Citing a web page has a problem that citing a book never had: the page can be edited, moved, or deleted after you cite it. So a good web citation does two jobs — it follows the format your style guide expects, and it leaves enough of a trail that the source can be found again even if the link dies. Here is how to do both.
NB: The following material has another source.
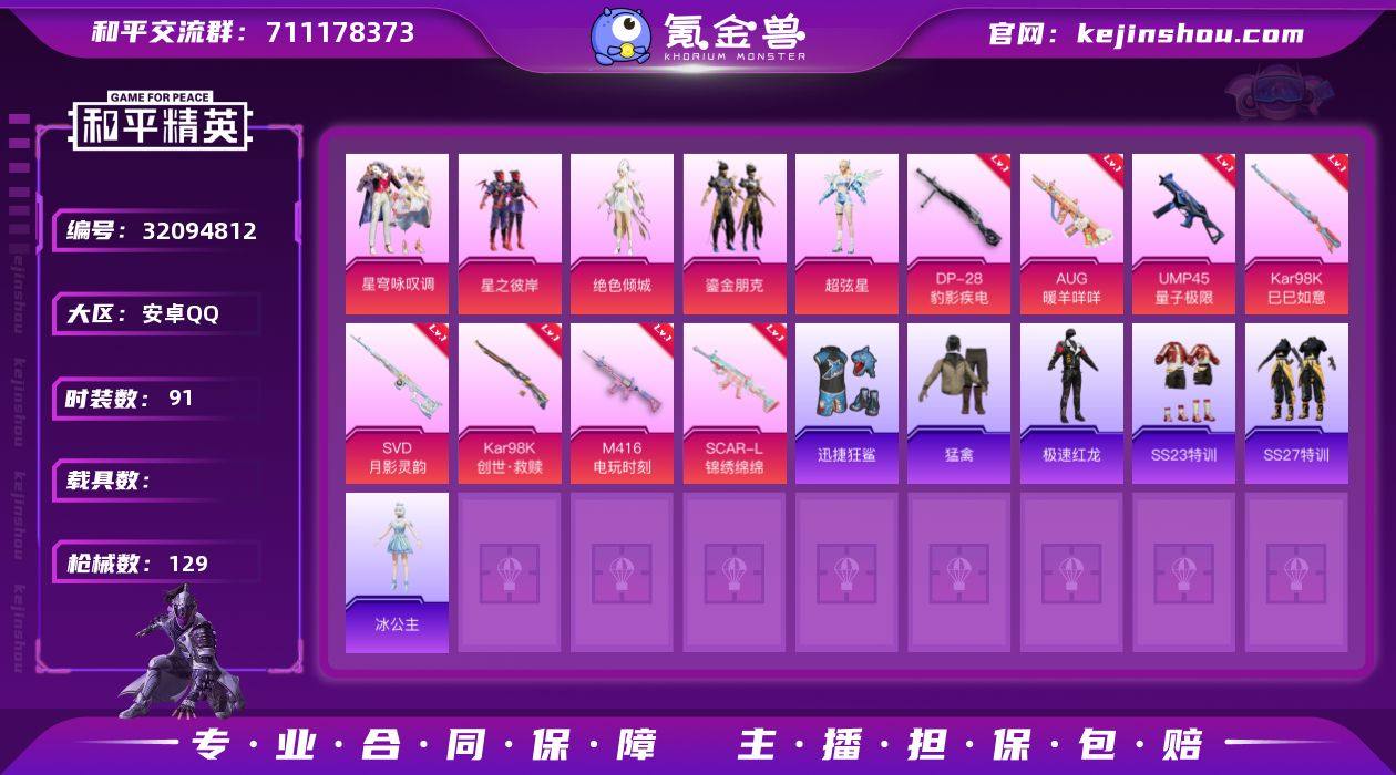 安卓 手Q-2粉装-6特效枪-0载具-1粉色飞行器-57507热力值-11王牌印记-155套装-212枪皮 【热门品类】:套装-龟仙人 【粉色套装】:粉装-闲梦青缨,角色-罪夜之冕 【粉色枪皮等级】:Kar98K-巳巳如意(五级),DP-28-圣堂之誓(七级),DP-28-豹影疾电(五级),MG-36-沧焰双生(五级) 【粉色枪皮】:UMP45-萌骑冒险,Kar98K-巳巳如意,Mk14-福马献瑞,DP-28-圣堂之誓,DP-28-豹影疾电,MG-36-沧焰双生 【粉色飞行器】:炫彩糖果飞行器 【粉色降落伞】:仲夏莫吉托降落伞,精灵梦叶罗丽降落伞,创世·救赎降落伞,无垠阁降落伞,炫彩糖果降落伞 【稀有套装】:套装-龟仙人,套装-巳巳如意,套装-雪国风尚,套装-炫彩糖果,角色-奈斯,套装-马上有钱,套装-火种守卫者,套装-燕燕于飞,套装-鱼渊荷华,角色-绛羽幽主,套装-朱霞炽焰,套装-凌霄紫焰,套装-擎苍青焰,角色-绯色魅影,套装-雨过天青,套装-红釉青花,角色-孙斩天 【稀有枪皮】:AUG-冰晶雪宝,AKM-2P战斗服款,AKM-彩虹符号,AKM-破晓战魂,AKM-萌趣颜团子,AKM-霓虹街区,AKM-龙的传人,M16A4-幻世战舞者,M16A4-红色方程式,M16A4-蓝色火焰,SCAR-L-夜灯,SCAR-L-炫彩节奏,SCAR-L-玉兔迎春,SCAR-L-红色方程式,M416-糯团青竹,M416-红色方程式,M416-蓝色火焰,GROZA-彩虹符号,AUG-天降萌叽,AUG-耀粉歌者,QBZ-彩虹符号,QBZ-洛神天依,M762-天降萌叽,M762-彩虹符号,M762-烈焰拳霸,G36C-星穹咏叹调,AC-VAL-天降萌叽,AC-VAL-快闪甜心,蜜獾-天降萌叽,蜜獾-虎痴许褚,蜜獾-绯穹魔姬,ARX-凌霄紫焰,UZI-啾咪啾咪,UZI-天降萌叽,UZI-炫彩节奏,UZI-红色方程式,UMP45-夜灯,UMP45-涂山之恋,UMP45-生命誓言,UMP45-蓝色火焰,UMP45-极意拳锋,Vector-焰鹰斗篷,Vector-彩虹符号,汤姆逊-天降萌叽,汤姆逊-炫彩节奏,汤姆逊-耀粉歌者,JS9-凌霄紫焰,P9...

The pieces every citation needs

Whatever the style, you are assembling the same four or five facts. Collect them before you worry about commas and italics:

APA style (7th edition)

The APA pattern for a web page is:

Author, A. A. (Year, Month Day). Title of the page. Site Name. URL

A worked example, citing one of our own guides:

Fully Torqued Applications. (2026, July 7). How to save any webpage as a PDF. Fully Torqued Applications. https://www.fullytorquedapplications.com/guides/how-to-save-a-webpage-as-pdf.html

Notes: when the author and the site name are the same organisation, APA drops the site name to avoid repeating it (shown kept above for clarity — drop it in your own work). If the content is designed to change and is not archived, add "Retrieved July 12, 2026, from" before the URL.

MLA style (9th edition)

The MLA pattern is:

Author. "Title of the Page." Site Name, Day Month Year, URL.

The same example in MLA:

Fully Torqued Applications. "How to Save Any Webpage as a PDF." Fully Torqued Applications, 7 July 2026, www.fullytorquedapplications.com/guides/how-to-save-a-webpage-as-pdf.html.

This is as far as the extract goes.